» **DATA FOR PROCESSING**
--
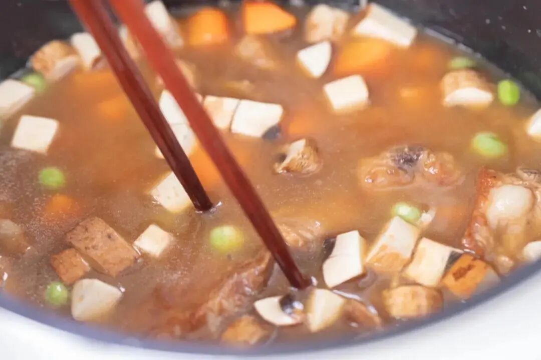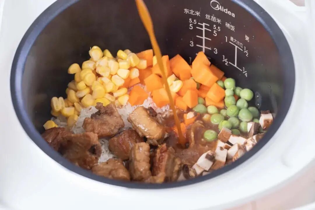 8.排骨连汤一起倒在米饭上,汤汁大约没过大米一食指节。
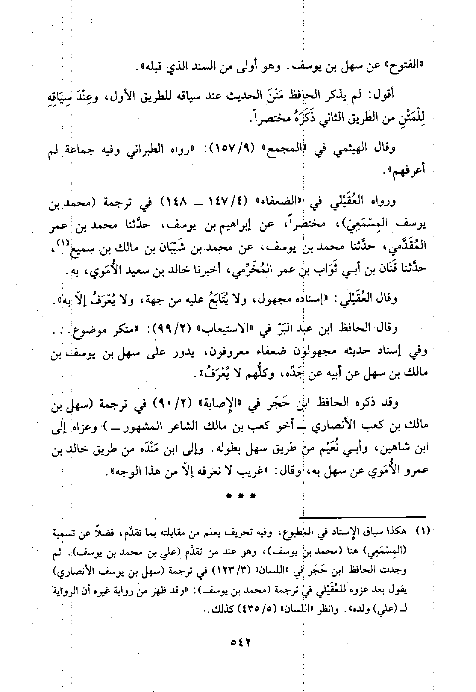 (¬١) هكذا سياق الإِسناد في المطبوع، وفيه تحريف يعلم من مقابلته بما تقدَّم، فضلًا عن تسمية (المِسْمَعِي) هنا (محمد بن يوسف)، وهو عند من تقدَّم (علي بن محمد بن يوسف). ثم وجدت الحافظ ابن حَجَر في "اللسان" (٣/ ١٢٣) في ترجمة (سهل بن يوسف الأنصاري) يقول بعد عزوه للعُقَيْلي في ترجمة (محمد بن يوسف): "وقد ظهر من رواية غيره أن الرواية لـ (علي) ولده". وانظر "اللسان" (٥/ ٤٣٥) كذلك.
--
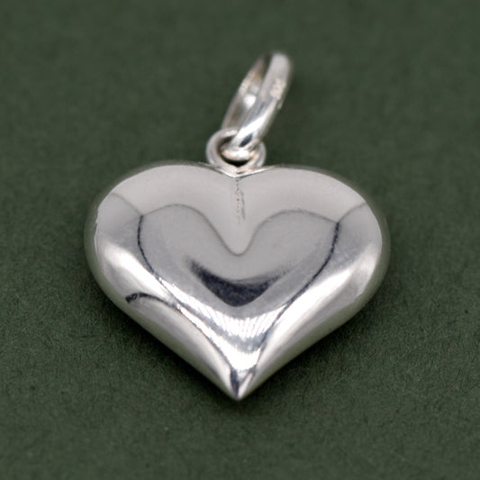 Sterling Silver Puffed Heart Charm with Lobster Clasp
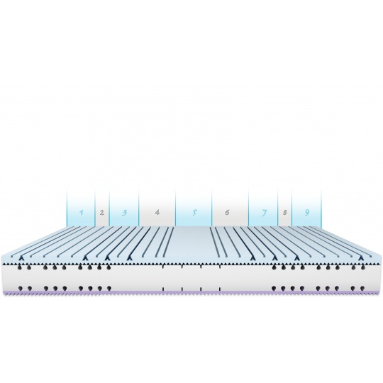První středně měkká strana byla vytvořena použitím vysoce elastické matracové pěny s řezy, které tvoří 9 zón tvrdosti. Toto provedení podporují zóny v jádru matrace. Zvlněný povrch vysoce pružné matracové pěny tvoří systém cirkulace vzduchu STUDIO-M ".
--
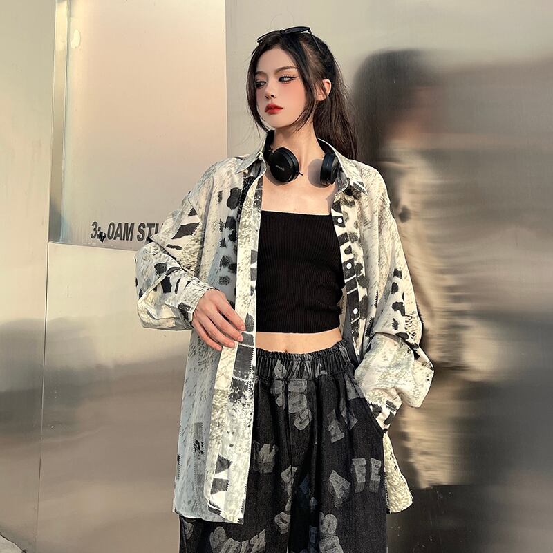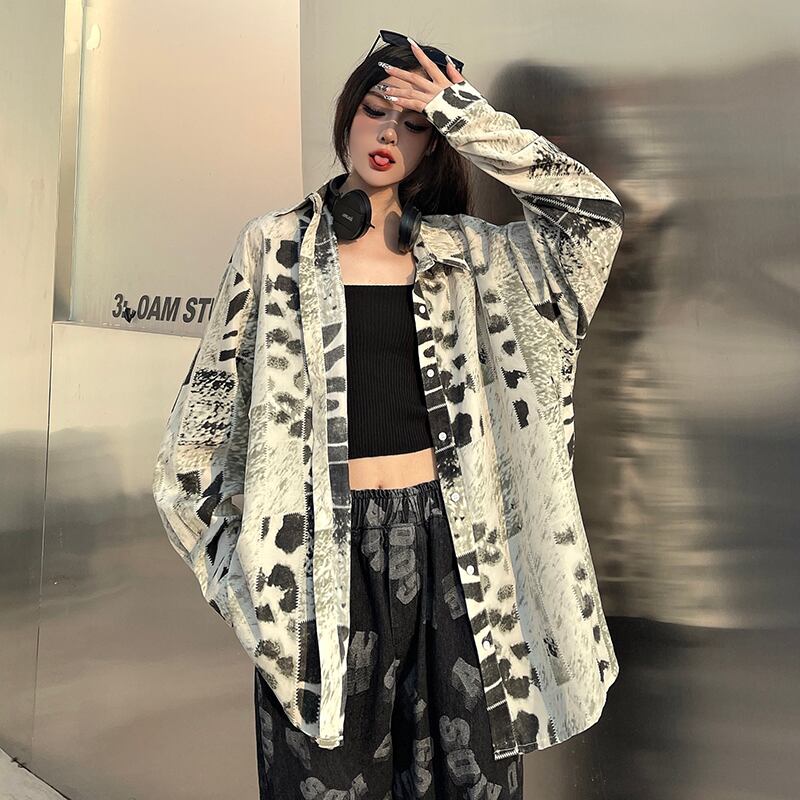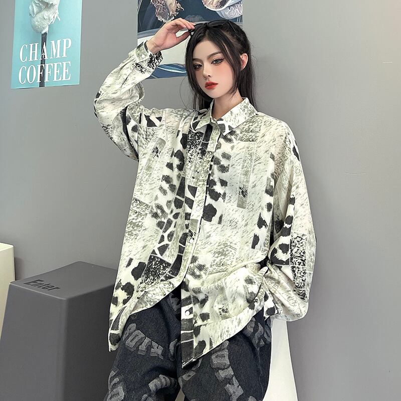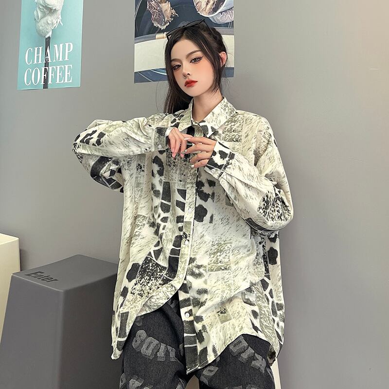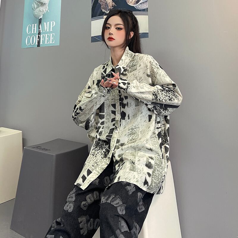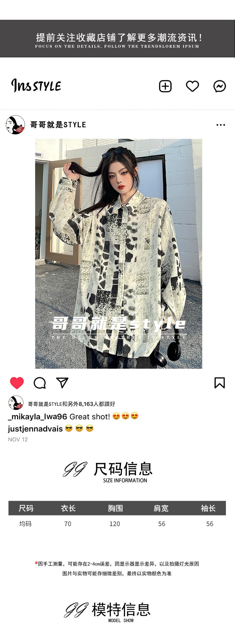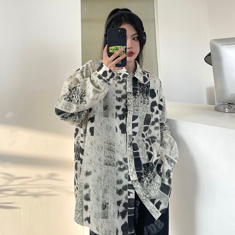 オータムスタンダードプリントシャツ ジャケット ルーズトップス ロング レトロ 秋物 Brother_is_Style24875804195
--
» **TASK REQUIREMENTS**
Out of the records above, please copy exactly the lines from the line with "8.排骨连汤一起倒在米饭上,汤汁大约没过大米一食指节。" up to and including the line with "(¬١) هكذا سياق", minus the pictures.

» **EXPECTED ANSWER**
 8.排骨连汤一起倒在米饭上,汤汁大约没过大米一食指节。
 (¬١) هكذا سياق الإِسناد في المطبوع، وفيه تحريف يعلم من مقابلته بما تقدَّم، فضلًا عن تسمية (المِسْمَعِي) هنا (محمد بن يوسف)، وهو عند من تقدَّم (علي بن محمد بن يوسف). ثم وجدت الحافظ ابن حَجَر في "اللسان" (٣/ ١٢٣) في ترجمة (سهل بن يوسف الأنصاري) يقول بعد عزوه للعُقَيْلي في ترجمة (محمد بن يوسف): "وقد ظهر من رواية غيره أن الرواية لـ (علي) ولده". وانظر "اللسان" (٥/ ٤٣٥) كذلك.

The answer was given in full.